§ **Aim of the task**:
Directions for the data below: repeat exactly the lines from the one with "This is a one-of-a-kind" through the one with "- Thread executing", both included, and omit all pictures.

Record extracts section start

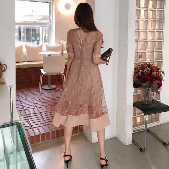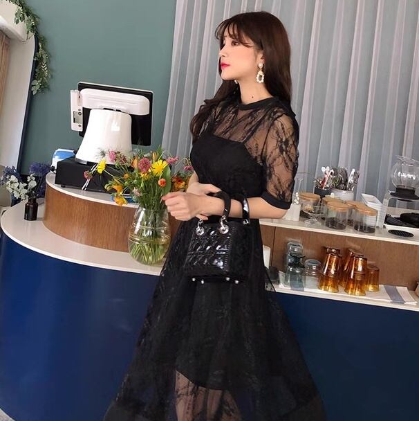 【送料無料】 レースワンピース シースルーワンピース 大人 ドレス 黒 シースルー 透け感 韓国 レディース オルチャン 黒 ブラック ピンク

Record extracts section end
Record extracts section start

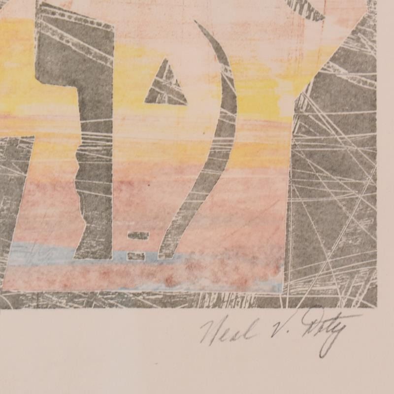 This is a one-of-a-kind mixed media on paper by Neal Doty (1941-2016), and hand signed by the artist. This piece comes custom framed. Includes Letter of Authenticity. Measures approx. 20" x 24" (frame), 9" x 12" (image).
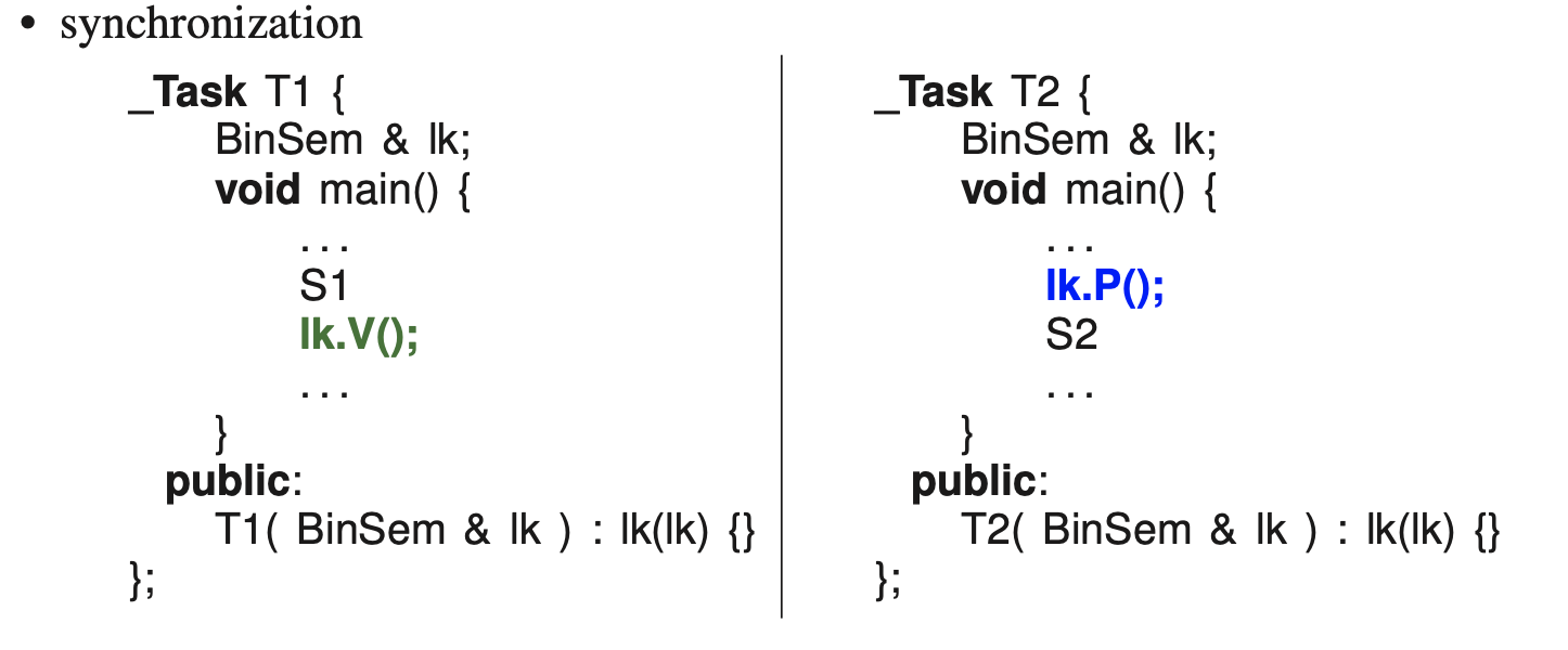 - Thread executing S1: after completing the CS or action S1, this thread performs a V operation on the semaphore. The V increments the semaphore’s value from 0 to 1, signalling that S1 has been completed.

Record extracts section end
Record extracts section start

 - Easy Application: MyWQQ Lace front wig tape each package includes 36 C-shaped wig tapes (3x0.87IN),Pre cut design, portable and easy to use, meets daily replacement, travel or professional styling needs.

Record extracts section end

§ **Your solution**:
 This is a one-of-a-kind mixed media on paper by Neal Doty (1941-2016), and hand signed by the artist. This piece comes custom framed. Includes Letter of Authenticity. Measures approx. 20" x 24" (frame), 9" x 12" (image).
 - Thread executing S1: after completing the CS or action S1, this thread performs a V operation on the semaphore. The V increments the semaphore’s value from 0 to 1, signalling that S1 has been completed.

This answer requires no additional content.